The 20 countries of the eurozone recorded growth of 0.2%, instead of 0.3% in the second quarter of 2024. Mario Draghi speaks of an “existential challenge” to revive productivity.

Europe has suffered an economic decline relative to the United States this year, which is likely to force it to issue new common debt to improve its productivity and strengthen its security. An “existential challenge”, Mario Draghi warned on Monday in a highly anticipated report.

After the success of the historic €800 billion post-Covid recovery plan, the EU should “continue to issue common debt instruments to finance common investment projects aimed at increasing the EU’s competitiveness and security”, said the former Italian Prime Minister, highlighting the economic “gap” that has widened with the United States.

170 propositions

“The investment needs are enormous,” he stressed at a press conference in Brussels in the presence of European Commission President Ursula von der Leyen. Stressing the need for a “radical change” in the European approach, he presented some of his “170 proposals.”

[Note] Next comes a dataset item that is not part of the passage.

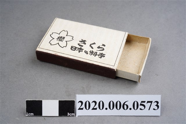 1.餐廳、飯店為主等廣告的火柴盒,可以說是早期瓦斯爐尚不盛行,又可達到廣告宣傳的小小載體。火柴盒的外觀也不限於僅有四角形,開始出現六角形或長方形盒裝,也有外觀如小屋子的造型。 2.臺灣在打火機與瓦斯爐普及前,火柴是臺灣重要的民生物資,因此火柴生產也行程專門產業,商家透過印製宣傳火柴盒作為贈品,用以販售或免費宣傳發送,盒面商標各具特色,例如臺灣火柴公司發行的「自由之火」火柴盒正面使用熊熊火把作為商標。而本件文物則有各家飯店的名稱,有些火柴盒側邊會有廣告公司與或火柴製造商,如有國榮廣告火柴公司承製、地址為新竹市中正路18號(火車站前)、電話則有各地專線(新竹、臺北、高雄)。也隨著火柴廣告公司的出現,火柴盒的廣告呈現方式也有所不同,如部份有明的商家則簡單陳述「臺北‧華西街 台南担仔麵」名稱。

The idea of ​​issuing a new common loan, supported in particular by France, remains however a red line for many northern European countries such as Germany or the Netherlands, which fear being asked to contribute more heavily to make up for the delays of the southern countries.

Mario Draghi acknowledges that such a project will only be possible “if the political and institutional conditions are met”. He first underlines the need to mobilise private capital to finance innovation through the creation of a real “Capital Markets Union”.

“Real disposable income per capita has increased almost twice as much in the United States as in Europe since 2000,” warns the former president of the European Central Bank (ECB), in this 400-page document commissioned by Ursula von der Leyen. The report should inspire the work of the new European Commission for the next five years.

A worrying slowdown in productivity

The EU has been mired in economic stagnation for a year and a half. It has weathered the crisis caused by the pandemic in 2020 less well than the United States, as was already the case with the financial crisis of 2008.

This drop is explained “mainly by the more marked slowdown in productivity in Europe” and represents a threat to its social model, underlines Mario Draghi.

“If Europe fails to become more productive, we will be forced to make choices. We will not be able to become a leader in new technologies, a model of climate responsibility and an independent player on the world stage. We will not be able to finance our social model. We will have to scale back some, if not all, of our ambitions. This is an existential challenge,” he stresses.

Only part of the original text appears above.